Paradise lost: Hawaii's scandalous Thalia Massie trial

She was not a party girl. And her husband made the mistake of trying to turn her into one. So I guess you could say that she got her own back.

The Thalia Massie affair, and the subsequent trials, were as scandalous in 1930s America as the kidnapping of Lindbergh’s son. A heady cocktail of rape, racism, lynching, and quasi-judicial pardoning – it all seems still very much of our era. And the fact that it all happened in Hawaii bestows on these unforgotten events the aura of a paradise lost.

“Something terrible has happened,” as Thalia Massie said; in fact, several kinds of something, but it has never been harder to separate the signal from the noise.

What we know for sure is on the night of 12 September 1931, Thalia Massie did not want to go and hang out at the raucous Ala Wai Inn in Honolulu with her husband and his crew. Lieutenant Thomas Hedges Massie, a submariner in the US Navy based in Pearl Harbour, was not to be easily put off' he twisted her arm and she went – albeit with a bad grace, and determined not to enjoy herself. Which she didn’t.

If he had just let her be at their bungalow on Kahawai Street, none of this would have happened. All human misfortune stems from our inability to remain at rest in a room, as Pascal pointed out, or – he might have added – other people’s inability to let us remain at rest. It seems as if we would rather see good people die than tolerate a party pooper. She had recently started taking classes at the University of Hawaii, but this night would see the end of her intellectual aspirations.

The scene at the Ala Wai Inn is also clear. Lieutenant Massie is downstairs, carousing with his Navy buddies. Thalia Massie is upstairs: sulking, stewing, steaming. She may well be wondering why in heaven’s name she got married at the age of 16 – she is now aged 20 – to her diminutive would-be action hero husband.

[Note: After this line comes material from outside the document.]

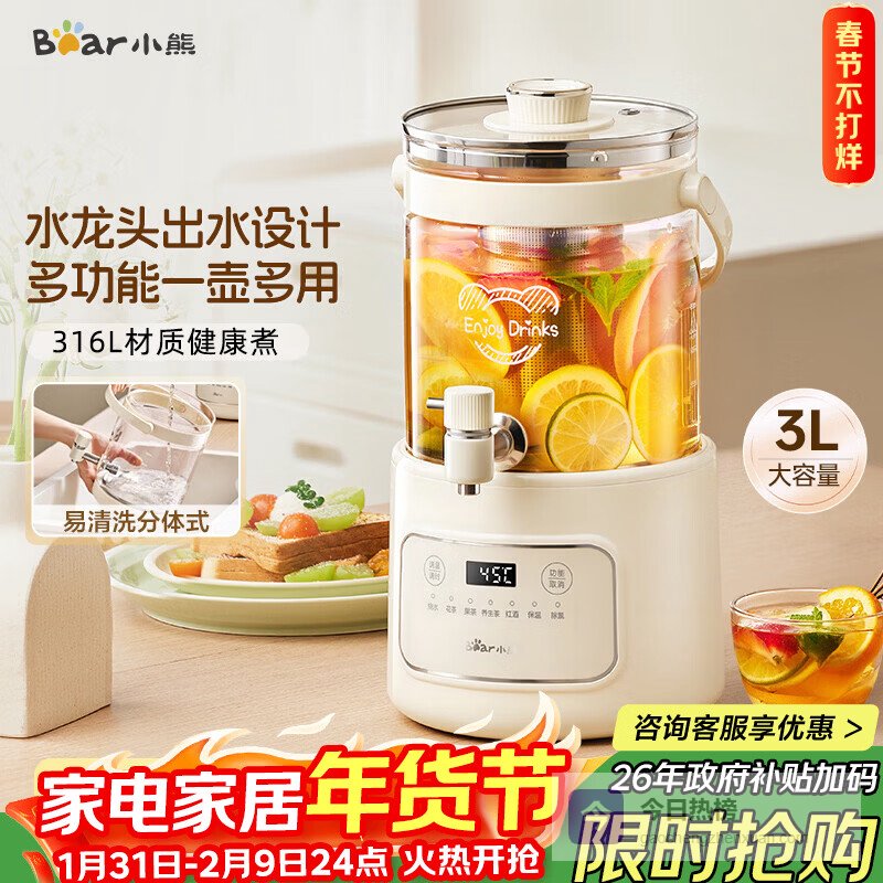 小熊(Bear)养生壶 养生桶花茶桶 水龙头烧水壶煮茶器煮茶壶 玻璃花茶壶恒温电热水壶 3L大容量ZDH-F30F1¥

They were clearly not suited. She was all about thinking or being; he was all about doing, or over-doing. One other incident stands out in my mind, involving a Lieutenant Ralph Stogsdall, popularly known as “Moose”. For one thing, he was a big guy: several inches over six feet tall, with broad shoulders to match. He towered over Lieutenant Massie, for example. But he was upstairs, towering over Thalia.

Perhaps he thought she needed a big guy. He must have made a pass at her, because she was suddenly slapping him around the face and saying to anyone who would listen that he was “no gentleman”. 

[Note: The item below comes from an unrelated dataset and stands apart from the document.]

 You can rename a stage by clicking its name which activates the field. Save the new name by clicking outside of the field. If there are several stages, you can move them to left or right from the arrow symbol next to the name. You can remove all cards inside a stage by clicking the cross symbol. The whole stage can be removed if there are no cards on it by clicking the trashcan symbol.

Sometime before midnight, Thalia Massie leaves the Ala Wai Inn. Alone. She is sick of her husband and the whole US Navy, and stomps off into the night. An hour later, she is picked up by the kindly Eustace Bellinger, stumbling along the side of the road, in a state of “disarray”. She says she has been beaten up by “Hawaiians” and dumped, and asks to be taken back to her house.

When her husband finally returns, she tells him she was not only beaten but raped too – repeatedly, in the area known as Ala Moana, by a group of Hawaiian men. She doesn’t know what they looked like: it was too dark, and no, she didn’t know the number plate of their car either.

The police pick up a carload of likely lads: Hawaiian and Asian. Some of them have criminal records already. One of them, Joe Kahahawai, a local boxer of some eminence, had on the same night punched a local woman in what appears to have been a fit of road rage. They are arrested, held in detention, and paraded before Thalia Massie.

Fairly soon, she is convinced that they had done it and also remembers the number plate, which happened to coincide with the number plate of the car belonging to said Hawaiians – that had just been mentioned to her.